> _Instructions for the task_
The data below is to be written out exactly, with no pictures.

Recorded data
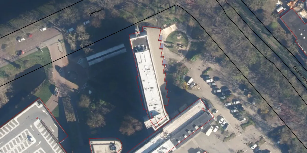 Het perceel waarop Houtlaan 187 staat heeft een oppervlakte van 3,8 ha. Dit is een zeer groot perceel. De perceeloppervlakte wordt geregistreerd door het Kadaster. Gedetailleerde informatie over de maten van dit perceel kunt u vinden in het rapport Kadastrale kaart met maatvoering van Houtlaan 187.
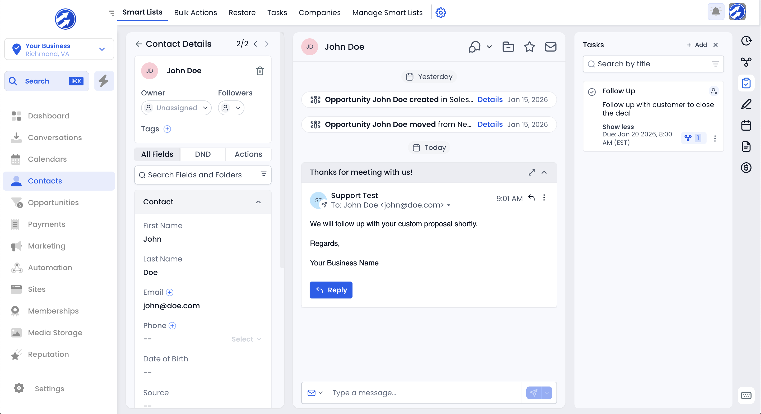 Yes. Every email, SMS, call, note, invoice, booking, and task is logged inside the contact’s profile so you always know what happened and what to do next.
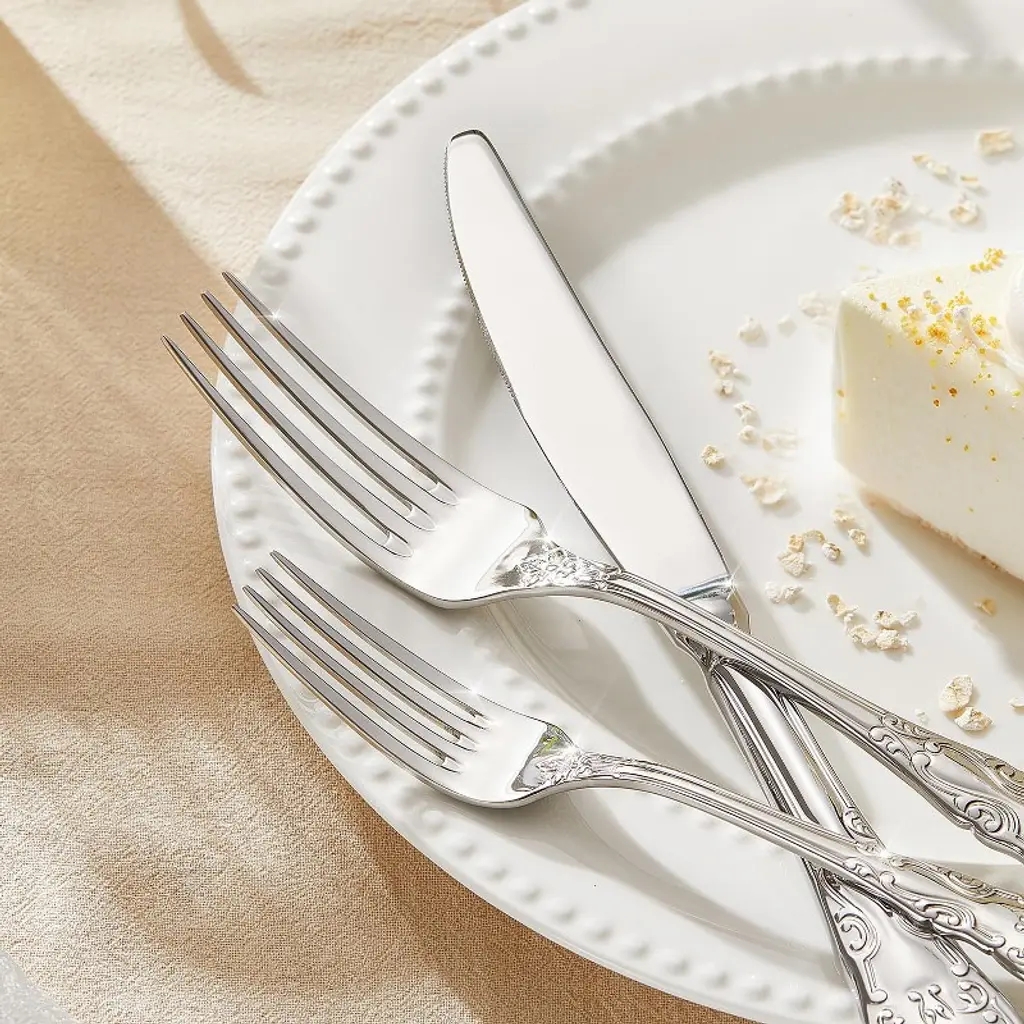 Upgrade your dining experience with this 20 - piece silverware set. It's designed for 4 people, including 4 dinner knives, 4 dinner forks, 4 dinner spoons, 4 salad forks, and 4 teaspoons. The set is crafted from premium 18/10 food - grade stainless steel, ensuring excellent corrosion resistance and long - lasting durability. The vintage floral design on the thick hand - carved handles with embossed blooms combines retro luxury and modern charm, adding a touch of elegance to any meal. It has a mirror - polished surface and streamline body molding, which makes it a breeze to clean. You'll never need single - use plastic again. This set is versatile, suitable for both everyday family dinners and special occasions like weddings and upscale parties. It's an ideal gift for those upgrading their table settings or for new homeowners. With this set, you can enhance your dining atmosphere and enjoy a more refined lifestyle.
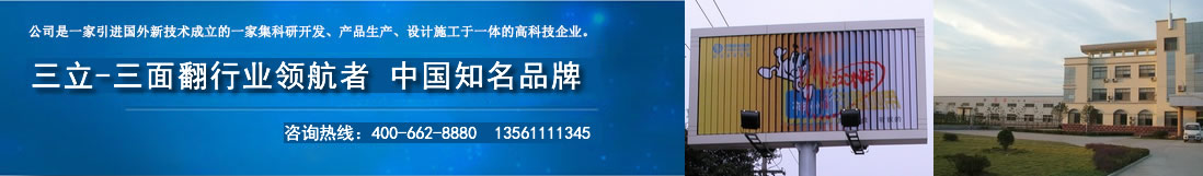 三立廣告設(shè)備有限公司是一家以及開發(fā)、設(shè)計(jì)、生產(chǎn)三面翻廣告牌和戶外廣告設(shè)備的生產(chǎn)企業(yè)。 目前公司擁有一套完善的現(xiàn)代化企業(yè)管理制度和獨(dú)具特色的企業(yè)文化機(jī)制,在倡導(dǎo)人性化管理,"以人為本"的經(jīng)營管理模式下,公司日益壯大,產(chǎn)品質(zhì)量不斷提升。
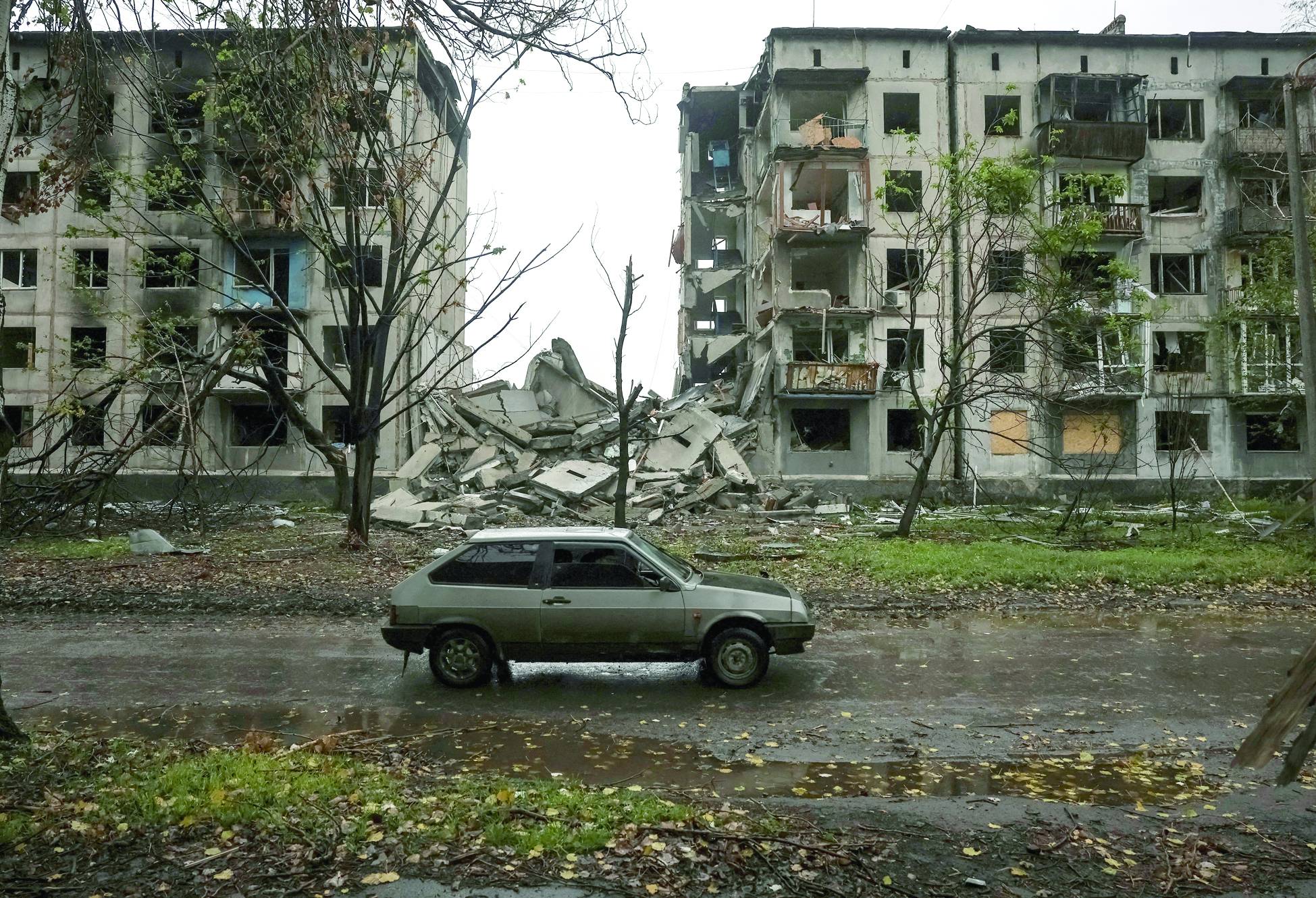 مبانٍ متضررة جراء ضربة روسية في بلدة بيلوزيرسكي الأوكرانية (رويترز)
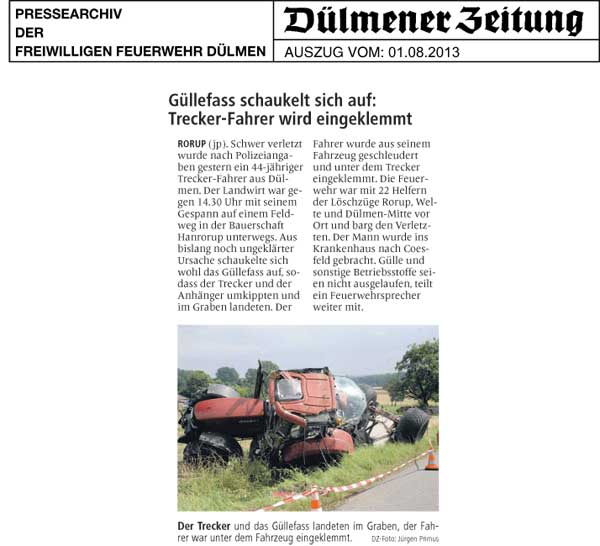 2013-08-01: Güllefass schaukelt sich auf: Fahrer eingeklemmt
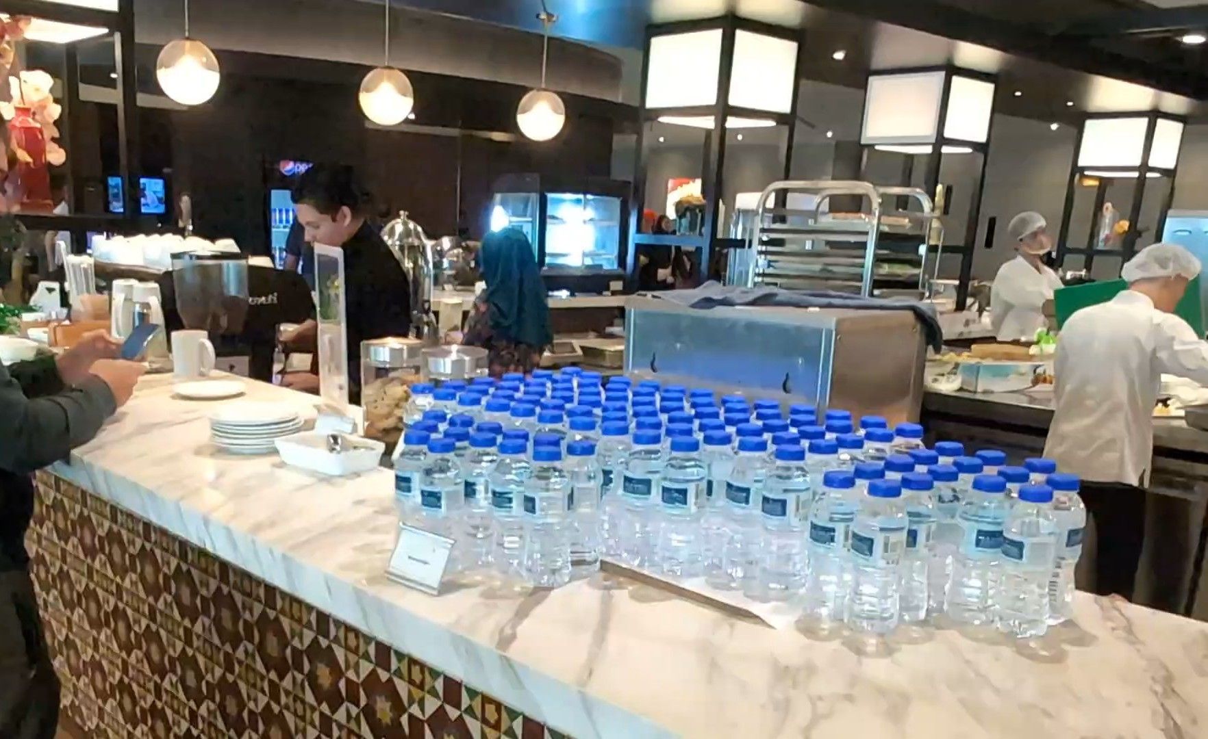 水は常温でも置いてありました。機内用に飲みかけを持っていきたいところですが、KULは搭乗前の荷物検査がありますので、持っていくことはできません。
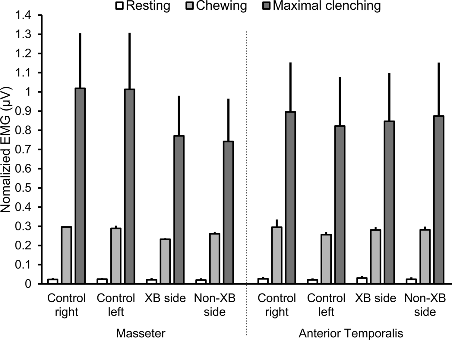 Ciavarella et al., (2012) | 15; 9 F:6 M; 9–14 yr | UPXB | NA | NA | 15; 7 F:8 M; 9–14 yr | EMG | Low |
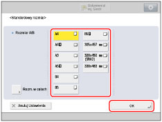 → wprowadź prawidłowe wartości.Aby można było wybrać jeden z zarejestrowanych formatów papieru ([S1] do [S5]), nieregularny format papieru należy wcześniej pod danym przyciskiem zarejestrować.Aby uzyskać więcej informacji na temat zapisywania nieregularnych formatów papieru, patrz "Rejestrowanie/edycja/usuwanie niestandardowych formatów papieru."

> _Output of the task_
 Het perceel waarop Houtlaan 187 staat heeft een oppervlakte van 3,8 ha. Dit is een zeer groot perceel. De perceeloppervlakte wordt geregistreerd door het Kadaster. Gedetailleerde informatie over de maten van dit perceel kunt u vinden in het rapport Kadastrale kaart met maatvoering van Houtlaan 187.
 Yes. Every email, SMS, call, note, invoice, booking, and task is logged inside the contact’s profile so you always know what happened and what to do next.
 Upgrade your dining experience with this 20 - piece silverware set. It's designed for 4 people, including 4 dinner knives, 4 dinner forks, 4 dinner spoons, 4 salad forks, and 4 teaspoons. The set is crafted from premium 18/10 food - grade stainless steel, ensuring excellent corrosion resistance and long - lasting durability. The vintage floral design on the thick hand - carved handles with embossed blooms combines retro luxury and modern charm, adding a touch of elegance to any meal. It has a mirror - polished surface and streamline body molding, which makes it a breeze to clean. You'll never need single - use plastic again. This set is versatile, suitable for both everyday family dinners and special occasions like weddings and upscale parties. It's an ideal gift for those upgrading their table settings or for new homeowners. With this set, you can enhance your dining atmosphere and enjoy a more refined lifestyle.
 三立廣告設(shè)備有限公司是一家以及開發(fā)、設(shè)計(jì)、生產(chǎn)三面翻廣告牌和戶外廣告設(shè)備的生產(chǎn)企業(yè)。 目前公司擁有一套完善的現(xiàn)代化企業(yè)管理制度和獨(dú)具特色的企業(yè)文化機(jī)制,在倡導(dǎo)人性化管理,"以人為本"的經(jīng)營管理模式下,公司日益壯大,產(chǎn)品質(zhì)量不斷提升。
 مبانٍ متضررة جراء ضربة روسية في بلدة بيلوزيرسكي الأوكرانية (رويترز)
 2013-08-01: Güllefass schaukelt sich auf: Fahrer eingeklemmt
 水は常温でも置いてありました。機内用に飲みかけを持っていきたいところですが、KULは搭乗前の荷物検査がありますので、持っていくことはできません。
 Ciavarella et al., (2012) | 15; 9 F:6 M; 9–14 yr | UPXB | NA | NA | 15; 7 F:8 M; 9–14 yr | EMG | Low |
 → wprowadź prawidłowe wartości.Aby można było wybrać jeden z zarejestrowanych formatów papieru ([S1] do [S5]), nieregularny format papieru należy wcześniej pod danym przyciskiem zarejestrować.Aby uzyskać więcej informacji na temat zapisywania nieregularnych formatów papieru, patrz "Rejestrowanie/edycja/usuwanie niestandardowych formatów papieru."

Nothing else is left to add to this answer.